12.02 Powers and Authority of the Association. The Association shall have all the powers set forth in its Articles of Incorporation and Bylaws, together with its general powers as a nonprofit corporation, and the power to do any and all things which may be authorized, required or permitted to be done by the Association under and by virtue of the Declaration or the Bylaws, including the power to levy and collect assessments as hereinafter provided. Without in any way limiting the generality of the foregoing, the Association shall have the following powers:

(a) At any time and from time to time and without liability to any Owner for trespass, damage or otherwise, to enter upon any Lot for the purpose of maintaining and repairing such Lot or any improvement thereon if for any reason the Owner fails to maintain and repair such Lot or improvement as required herein. The Association shall also have the power and authority from time to time in its own name, on its own behalf, or in the name and behalf of any Owner or Owners who consent thereto, to commence and maintain actions and suits to restrain and enjoin any breach or threatened breach of the Declaration, the Bylaws or any Rules and Regulations promulgated by the Board, or to enforce by mandatory injunction or otherwise all of the provisions of the Declaration, the Bylaws and such Rules and Regulations.
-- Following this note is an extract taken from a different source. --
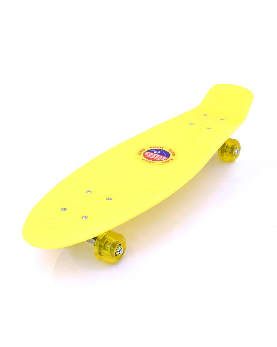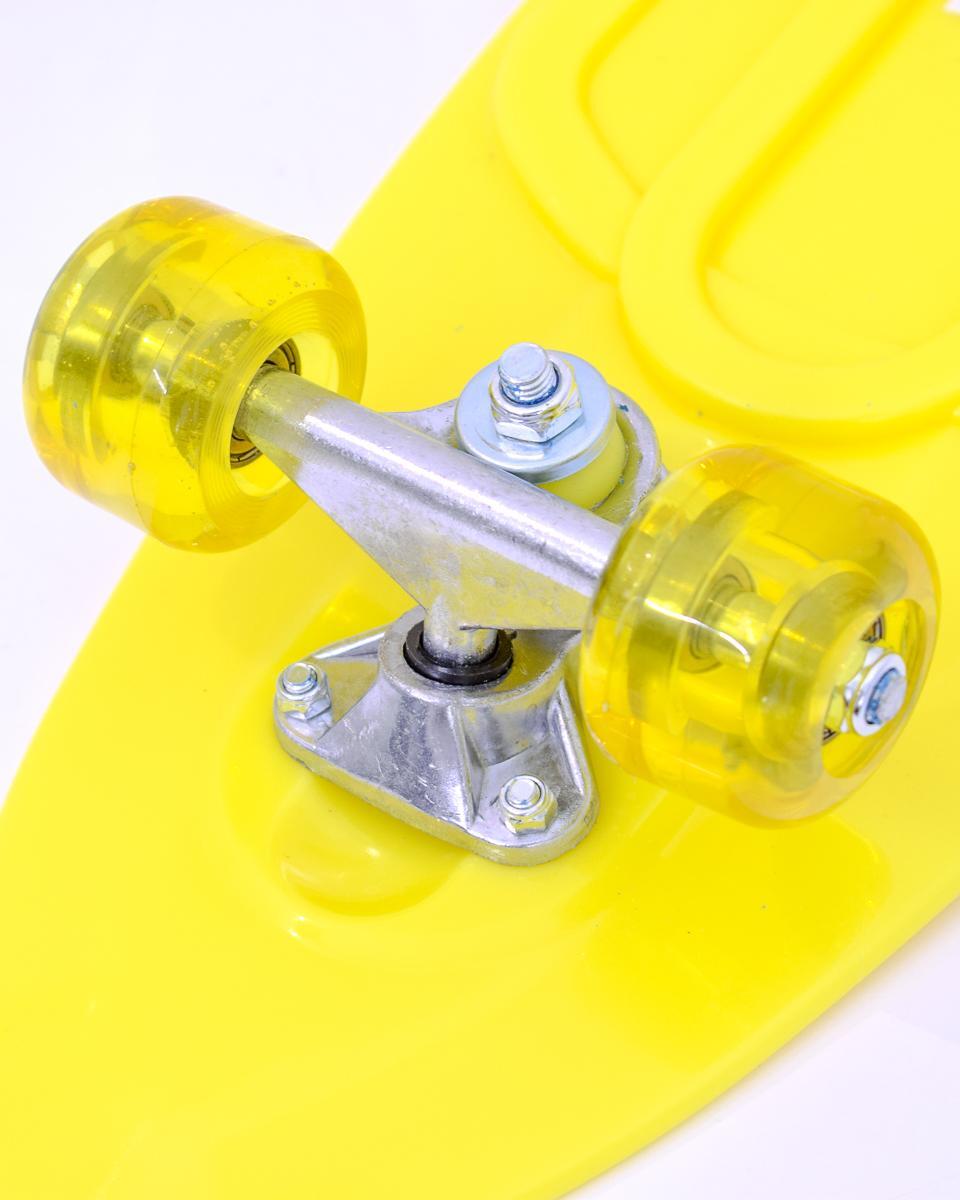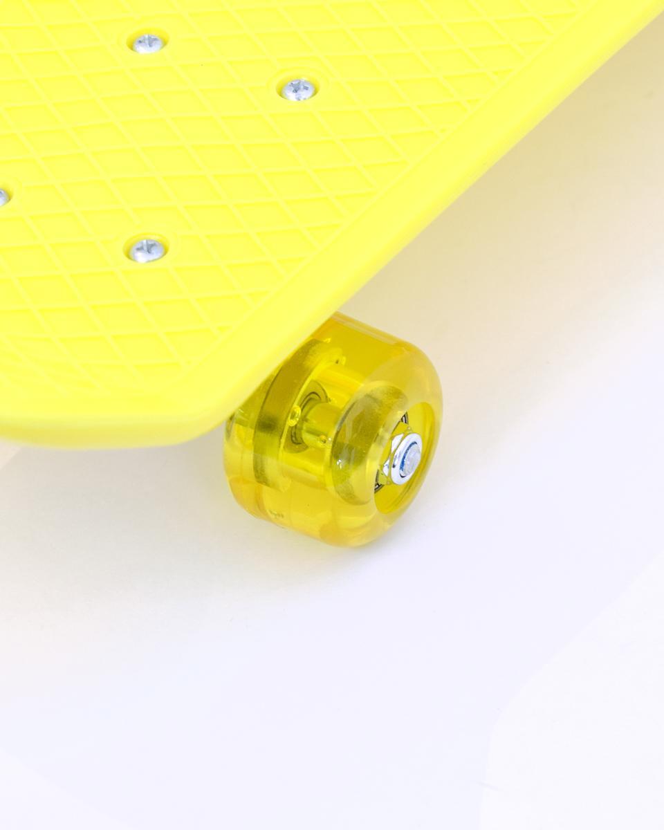 - Ярко-желтый цвет делает скейтборд заметным на улице и отражает индивидуальность владельца
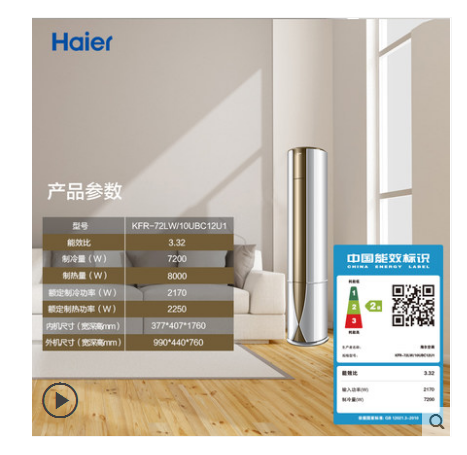 • 商品名称:Haier/海尔 KFR-72LW/10UBC12U1智能3匹定频圆柱柜机空调二级能效

(b) In fulfilling any of its duties under the Declaration, including its duties for the maintenance, repair, operation or administration of the Common Areas and Lots (to the extent. necessitated by the failure of the Owners of such Lots) or in exercising any of its rights to construct or maintain improvements or other work upon any of the Common Areas, the Association shall have the power and authority to obtain, contract and pay for, or otherwise provide for: 

(i) Construction, maintenance, repair and landscaping of the Common Areas on such terms and conditions as the Board shall deem appropriate; 

(ii) Such insurance policies or bonds (in addition to those required by Article VIII) as the Board may deem appropriate for the protection or benefit of the Association, the members of the Board and the Owners; 

(iii) Such Common Area related utility services as the Board may from time to time deem necessary or desirable; 

(iv) The services of architects, engineers, attorneys and certified public accountants and such other professional or nonprofessional services as the Board may deem desirable; 

(v) Fire, police and such other 'protection services as the Board may deem desirable for the benefit of the Owners or any of the property that comprises the Development; and 

(vi) Such materials, supplies, furniture, equipment, services and labor as the Board may deem necessary. 
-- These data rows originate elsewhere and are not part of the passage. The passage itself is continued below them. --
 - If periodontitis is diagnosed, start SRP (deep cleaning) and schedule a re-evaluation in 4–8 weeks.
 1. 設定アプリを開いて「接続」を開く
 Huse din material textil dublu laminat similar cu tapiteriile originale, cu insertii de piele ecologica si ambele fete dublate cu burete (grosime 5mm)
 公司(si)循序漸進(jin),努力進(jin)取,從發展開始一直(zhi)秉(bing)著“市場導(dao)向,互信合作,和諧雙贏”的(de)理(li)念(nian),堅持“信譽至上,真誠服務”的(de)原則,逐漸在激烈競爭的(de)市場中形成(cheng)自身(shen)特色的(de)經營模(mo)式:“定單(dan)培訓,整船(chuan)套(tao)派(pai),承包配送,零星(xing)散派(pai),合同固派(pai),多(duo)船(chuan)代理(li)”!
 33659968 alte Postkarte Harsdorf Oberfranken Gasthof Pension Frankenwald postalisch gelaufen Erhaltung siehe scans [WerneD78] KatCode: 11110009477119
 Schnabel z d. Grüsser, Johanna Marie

12.03 Association Rules and Regulations. The Board from time to time, subject to and not inconsistent with the provisions of the Declaration or the Bylaws, shall adopt, amend, repeal and enforce reasonable Rules and Regulations governing, among other things: 

(a) the use of the Common Areas and amenities; 

(b) the use of any roads or utility facilities owned by the Association; 

(c) the collection and disposal of refuse or debris; 

(d) uses and nuisances pertaining to the Development; and 

(e) all other matters concerning the use and enjoyment of the property and the conduct of Owners and their invitees within the Development.'

12.04 Limitation of Liability. No member of the Board acting in good faith shall be personally liable to any Owner, guest, lessee or any other person for any error or omission of the Association, its representatives and employees, the Board, any committee of the Board, or the Managing Agent.

 

ARTICLE XIII

BYLAWS ASSESSMENTS

13.01 Personal Obligation and Lien. Each Owner shall, by acquiring or in any way becoming vested with his interest in a Lot, be deemed to covenant and agree to pay to the Association the annual and any special assessments and Reimbursement Assessments described in this Article, together with late payment fees, interest and costs of collection, if and when applicable. All such amounts shall be, constitute, and remain: 

(a) a charge and continuing lien upon the Lot with respect to which such assessment is made until fully paid; and 

(b) the personal, joint and several obligation of the Owner or Owners of such Lot at the time the assessment falls due. No Owner may exempt himself or his Lot from liability for payment of assessments by waiver of his rights in the Common Areas or by abandonment of his Lot. In a voluntary conveyance of a Lot, the grantee shall be jointly and severally liable with the grantor for all such unpaid assessments, late payment fees, interest and costs of collection, including reasonable attorney's fees, which shall be a charge on the Lot at the time of the conveyance, without prejudice to the grantee's right to recover from the grantor the amounts paid by the grantee therefor.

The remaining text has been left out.